In the step 5), the values of c and d in the cx1+dx2 are finally determined by training the Sigmoid function.

And in the step 6), the secondary calculation result is utilized, the parameter tuning is carried out on the linear discrimination model through a Sigmoid function, and a final similarity discrimination model is generated.

The values of the similarity discrimination models c and d in the step 8) are determined by a Sigmoid function, wherein the value of c is 0.9, and the value of d is 0.1.
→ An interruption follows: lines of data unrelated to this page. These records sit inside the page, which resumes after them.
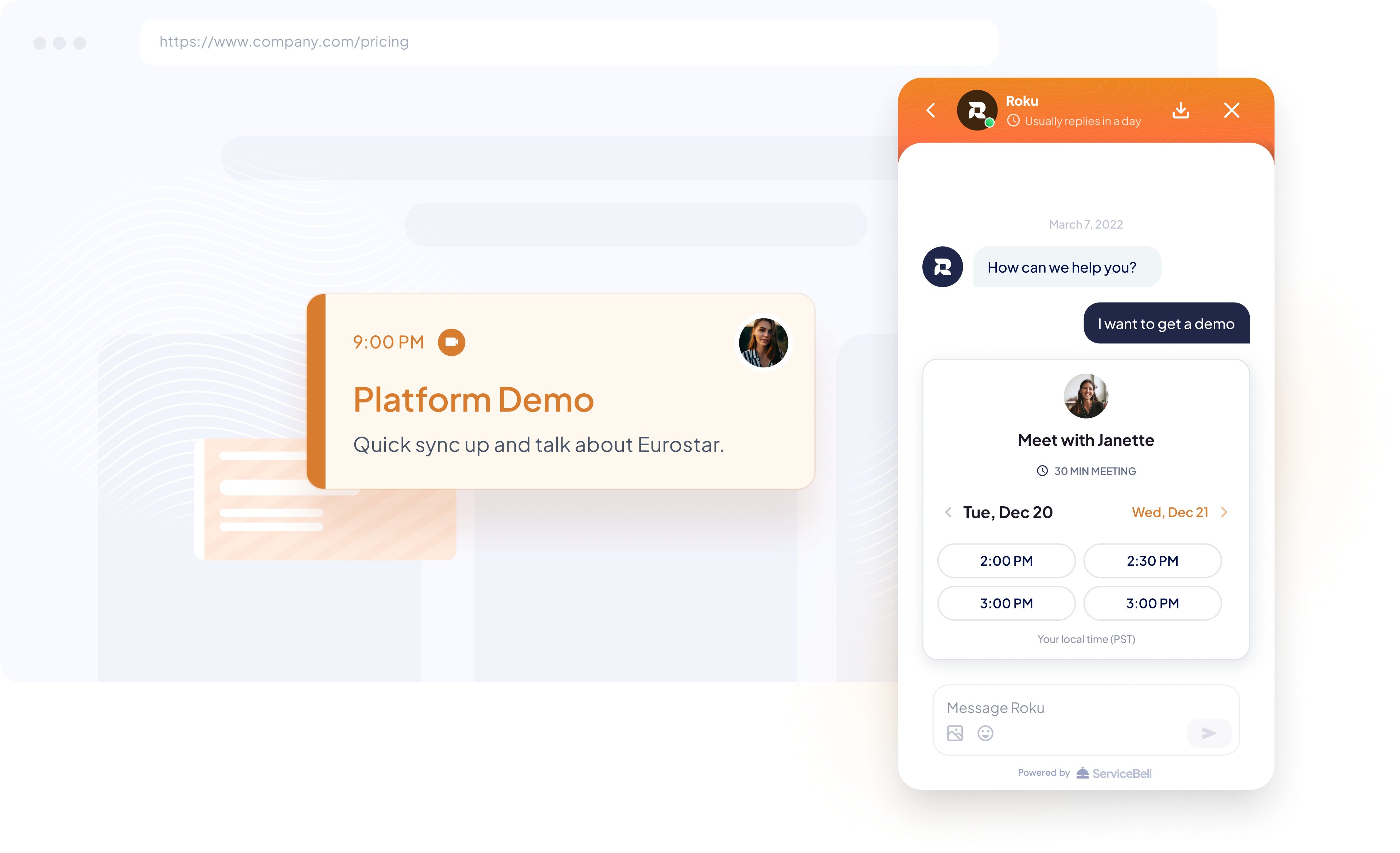 ServiceBell’s scheduler lets you build round robin or personal meeting links, sync with your calendar, and deliver through chat or anywhere.
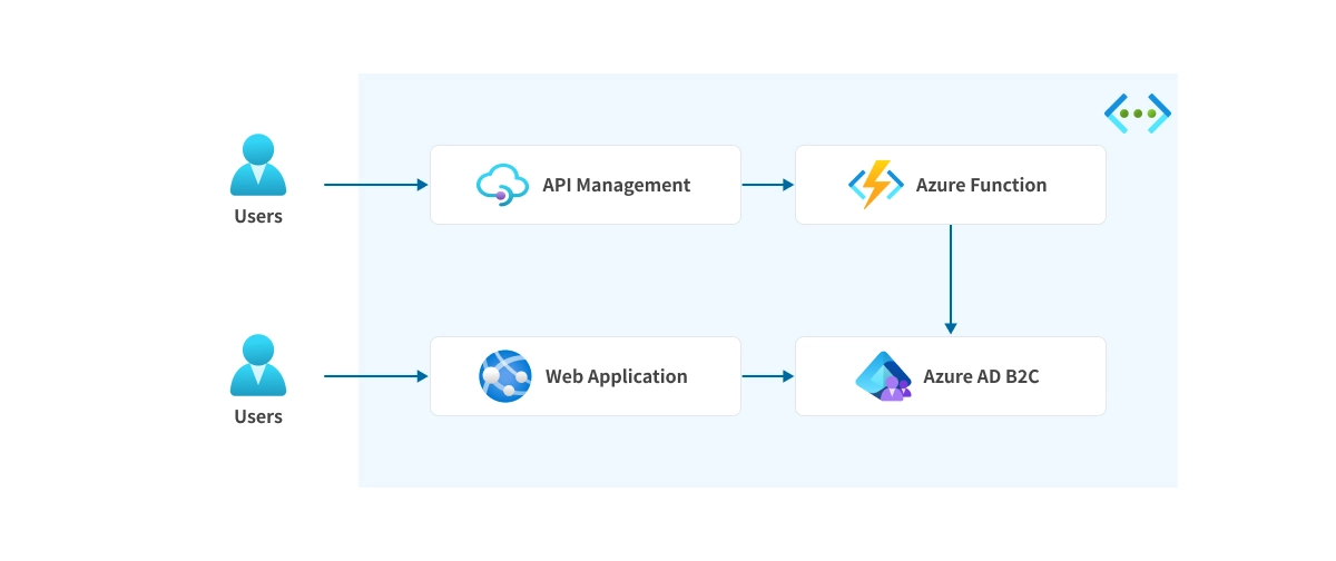 Azureシステム構成の一例をご紹介します。この例は基本的な構成ですが、各カテゴリごとに最適なサービスを選定し、組み合わせることで、お客様の要求やご要望に応じた構成をご提案いたします。
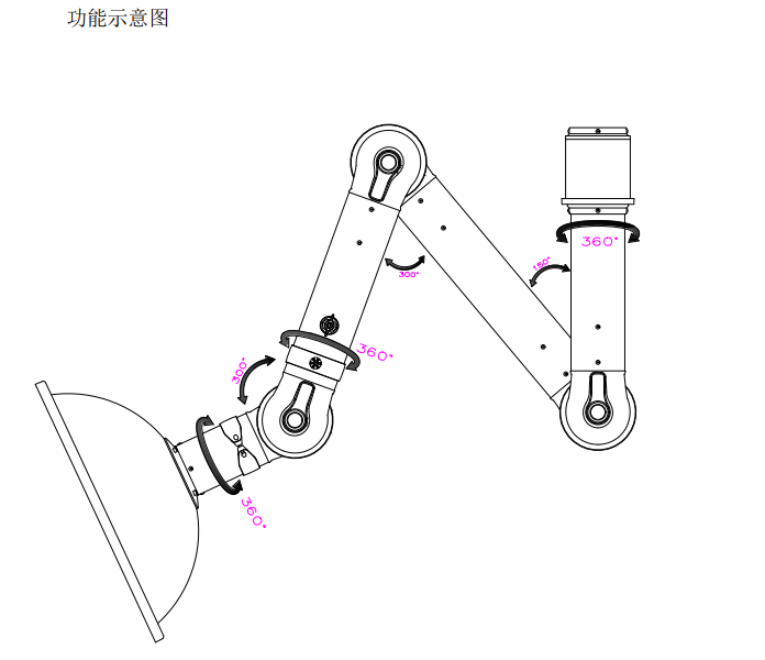 *活動(dòng)功能:配備三組折疊關(guān)節(jié),折疊角度75-300°,一個(gè)水平360°旋轉(zhuǎn)、二個(gè)末端軸向360°旋轉(zhuǎn)功能;(zl****)
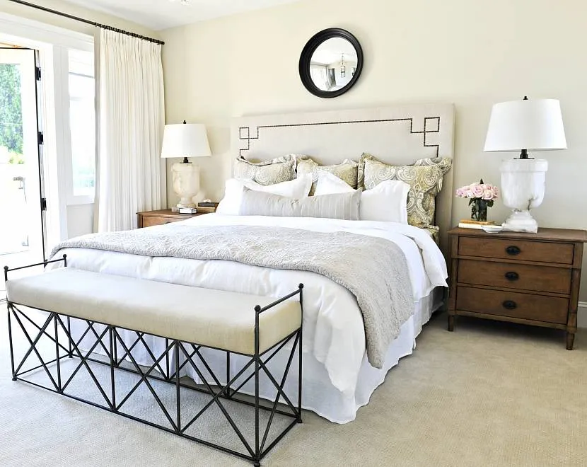 Стильная кушетка возле кровати вносит в интерьер аристократические ноткиИсточник interiorsroom.ru
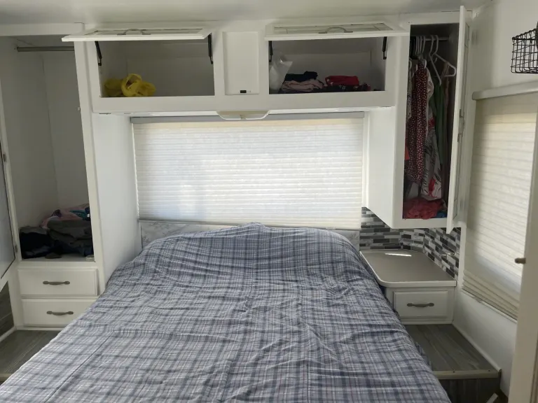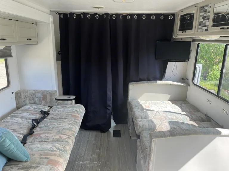 This Motorhome is perfect for a road trip! It has so much storage and places to sleep and fit the whole entire family. With a bathroom and shower on board you’ll barley have to stop. We’ve taken it on trips and it costs us less in gas then it would for a stay in a Airbnb or hotel so why not?? I hope you enjoy our Motorhome as much as we do!!

It should be noted that the above-mentioned embodiments are not intended to limit the scope of the present invention, and equivalent changes or substitutions made on the basis of the above-mentioned technical solutions fall within the scope of the present invention as defined in the claims.

Claims

1. The dual semantic similarity judging method for the grid society situation research and judgment is characterized by comprising the following steps of:

step 1) obtaining a training corpus;

step 2) inputting a training corpus, and extracting a feature vector a and a feature vector b of corpus pairs in the training corpus by using a BERT model;

step 4) linearly combining the intermediate discrimination results;

step 8), executing a trained similarity discrimination model cx1+dx2 on the input text feature vector a and the text feature vector b;

step 9) storing the similarity discrimination result into HBASE;

the step 1) is specifically as follows:

step 1-1, acquiring text big data from microblogs, major news websites and key forum multi-source webpages based on preset business keywords to form an initial public opinion corpus;

the corpus texts after the manual similarity labeling in the steps 1-5 form a training corpus,

in the step 3, the similarity calculation model calculates the Euclidean distance and cosine included angle of the input feature vector a and the feature vector b respectively, calculates the cosine value of the vector included angle and the normalization value of the Euclidean distance of the vector respectively, and takes the similarity value as an intermediate discrimination result;

and 4, linearly combining the intermediate discrimination results, wherein the method specifically comprises the following steps:

the intermediate discrimination result in the step 4 is a linear combination of a Euclidean distance calculation result X1 and a cosine included angle calculation result X2, further calculation results are expressed as Boolean values, wherein 0 is similar, 1 is dissimilar,

in the step 5, the values of c and d in the cx1+dx2 are finally determined by training the Sigmoid function,

and in the step 6, the secondary calculation result is utilized, the parameter tuning is carried out on the linear discrimination model through a Sigmoid function, and a final similarity discrimination model is generated.

2. The dual semantic similarity determination method for grid society of research and determination according to claim 1, wherein the values of the similarity determination models c and d in the step 8) are determined by Sigmoid function, wherein the value of c is 0.9 and the value of d is 0.1.